Align Technology anticipates its adjusted gross margin to remain flat to slightly rise from the first quarter and the adjusted operating margin to be up by approximately 1 point sequentially.
Align Technology exited the first quarter of 2023 with an earnings and revenue beat. The company’s Clear Aligner non-case revenues increased year over year, driven by continued growth from the Invisalign Doctor subscription program and sales of Vivera Retainers. ALGN’s recent launch of the Invisalign Comprehensive three and three product was also well received in the market and holds potential for faster revenue recognition than traditional Invisalign comprehensive products.
On the flip side, the year-over-year performance was sluggish. The quarter also witnessed a significant foreign exchange impact.
The contraction of both margins is worrisome. Align Technology’s operating expenses reported during the quarter increased due to higher incentive compensations and continued investments in sales and R&D activities. This was partially offset by controlled spending on advertising and marketing as part of ALGN’s efforts to manage costs efficiently.
Recently, Align Technology announced a $75 million equity investment in Heartland Dental, a multidisciplinary DSO with GDP and ortho practices across the United States. The collaboration underpins the company’s efforts to accelerate the adoption of digital orthodontics and restorative dentistry.
Zacks Rank and Key Picks
Align Technology currently carries a Zacks Rank #3 (Hold).

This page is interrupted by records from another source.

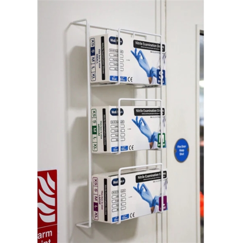 These triple glove dispenser racks are made of plastic and can be wall mounted to ensure that the gloves can be stored and dispensed in a hygienic manner.
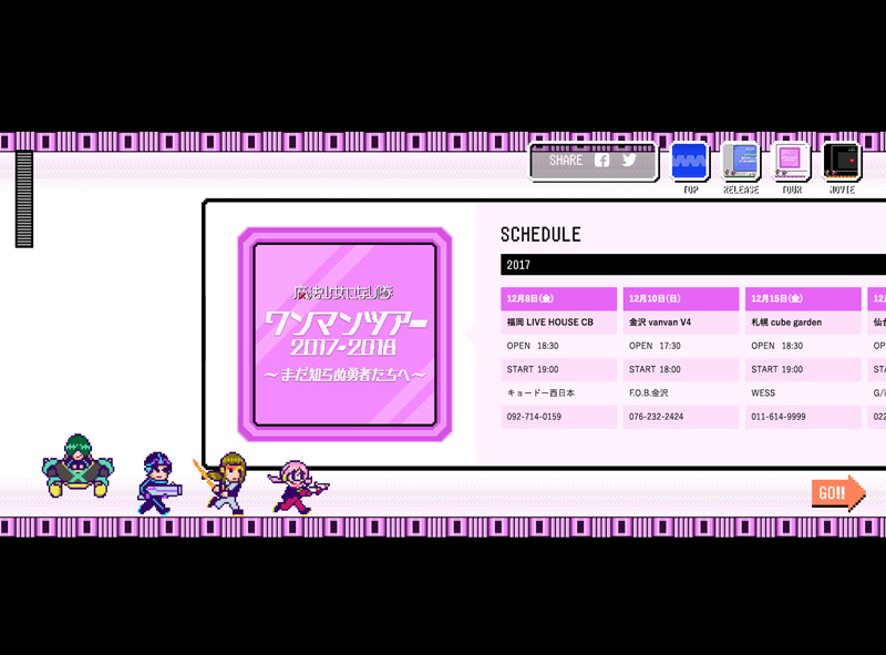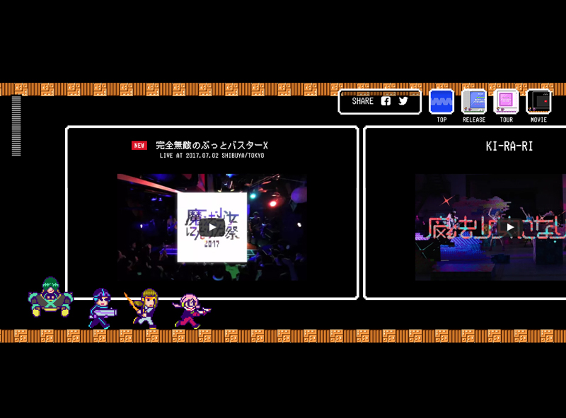 懐かしの8bitな世界観と、キャラクター(メンバー)の動きを最大限に活かすべく、横スクロール(PC)でのWebサイトとなりました。
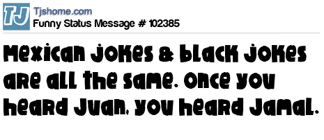 - # 86988 Mexican and black jokes are pretty much all the same. Once you've heard Juan, you've heard Jamal.
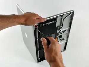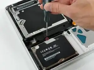 Снимите один винт Phillips, крепящий кронштейн жёсткого диска к верхней части корпуса.
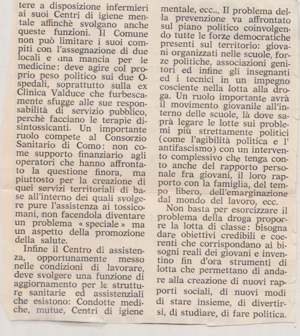 Paolo Ferrario, La fuga nella droga. Cause sociali e proposte per combattere le tossicomanie, in La Voce di Como, periodico a cura della federazione del Pci di Como, 1976

Some better-ranked stocks in the broader medical space that have announced quarterly results are Insulet PODD, Avanos Medical AVNS and Henry Schein HSIC.
Insulet, sporting a Zacks Rank #1 (Strong Buy), reported a fourth-quarter 2022 adjusted EPS of 55 cents, beating the Zacks Consensus Estimate by 129.2%. Revenues of $370 million outpaced the consensus estimate by 11.9%. You can see the complete list of today’s Zacks #1 Rank stocks here.
Insulet has an estimated earnings growth rate of 57.8% for the next year. PODD’s earnings surpassed estimates in three of the trailing four quarters and missed the same in one, the average being 59.8%.
Avanos Medical, carrying a Zacks Rank #2 (Buy), reported a fourth-quarter 2022 adjusted EPS of 60 cents, which beat the Zacks Consensus Estimate by 25%. Revenues of $218 million outpaced the consensus estimate by 1.1%.
Avanos Medical has an earnings yield of 5.55% compared to the industry’s -6.88%. AVNS’ earnings surpassed estimates in all the trailing four quarters, the average being 11.01%.
Henry Schein reported fourth-quarter 2022 adjusted earnings of $1.21 per share, which matched the Zacks Consensus Estimate. Revenues of $3.37 billion surpassed the Zacks Consensus Estimate by 0.4%. It currently has a Zacks Rank #2.
Henry Schein has an earnings yield of 6.28% compared with the industry’s 4.55%. HSIC’s earnings surpassed estimates in three of the trailing four quarters and matched the same in one, the average surprise being 2.97%.